Мы суеверно боимся заглядывать за край, молчим о тайне. В самом деле, кажется, для чего называть всё? Чтобы не осталось заповедных углов, чтобы всё наше внутреннее пространство было разведано и исхожено? Если человек – как еще остающийся человеком, как в своих собственных глазах достойный существования, всерьез готовый принять оправдание, если оно будет ему послано, – если человек для того, чтобы продолжать быть, зависит от непост оянных веяний чего-то, что трудно услышать и нельзя назвать, – то, наверное, его могут пригнести или физически уничтожить обстоятельства, но по-настоящему погубить себя он может только сам: развязным пренебрежением к таинственной привязанности, которая и без того только чудом сберегается. Будничное слово, может быть всего чаще – слово поточной литературы работает как ежедневная фабрика по стиранию не вещей – вещи устаивают, – а душ, души не выдерживают. В том раннем молчании, которое золото, был весь нерастраченный человек. Младенец не обязан говорить чтобы быть уже человеческим младенцем, с важным достоинством смотреть на мир. Смятение начинается когда от ребенка требуют называть, называть, называть.
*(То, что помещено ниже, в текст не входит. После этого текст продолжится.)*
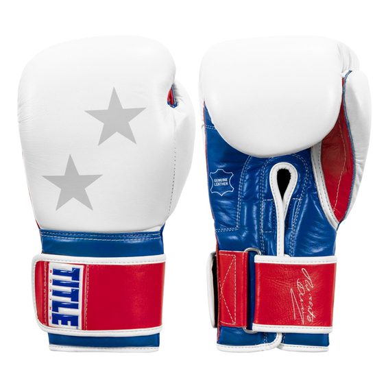 With the TITLE Roberto Duran Limited Leather Bag Gloves, you can harness the tough punching power of one of the most exciting and ferocious fighters of all time: the Manos de Piedra – the Hands of Stone. These gloves were designed with the Pride of Panama in mind and feature the country’s symbolic red, white and blue coloring to represent Duran’s love for his country. In classic TITLE style, we used a a D-ring with full wrap-around closure for a perfect fit for every time. They are an all-leather glove for extreme durability. Each glove has Duran’s distinctive embroidered signature on the cuff and a matching embossed TITLE label. These gloves are officially licensed and approved by the “Hands of Stone.”

Человеку часто так нужно затаиться в молчании, как птице важно забиться в гнездо. Английский профессор сказал иностранному студенту, который добросовестно поддерживал беседу: мы не обязательно говорим в обществе, мы иногда просто сидим и молчим. Если это действительно так, если это не идеализация себя, то англичан можно назвать великой нацией. Русские создали большую литературу между прочим еще и потому, что они в свое время создали уникальную культуру молчания и умалчивания и косвенной скоморошеской речи. В немецком слово, начинающееся с гласной, берется твердым приступом, усилием горла. Надо сломить невидимую преграду, чтобы перейти от молчания к речи. Человек, не знающий грузинского, одной из первых вещей в нем замечает на слух примерно такое же усилие горла в начале фразы или части фразы. Этот языковой жест преодоления преграды показывает, что по ту сторону речи – охраняемая область молчания, заветное пространство, в которое человек не так просто допускает[140]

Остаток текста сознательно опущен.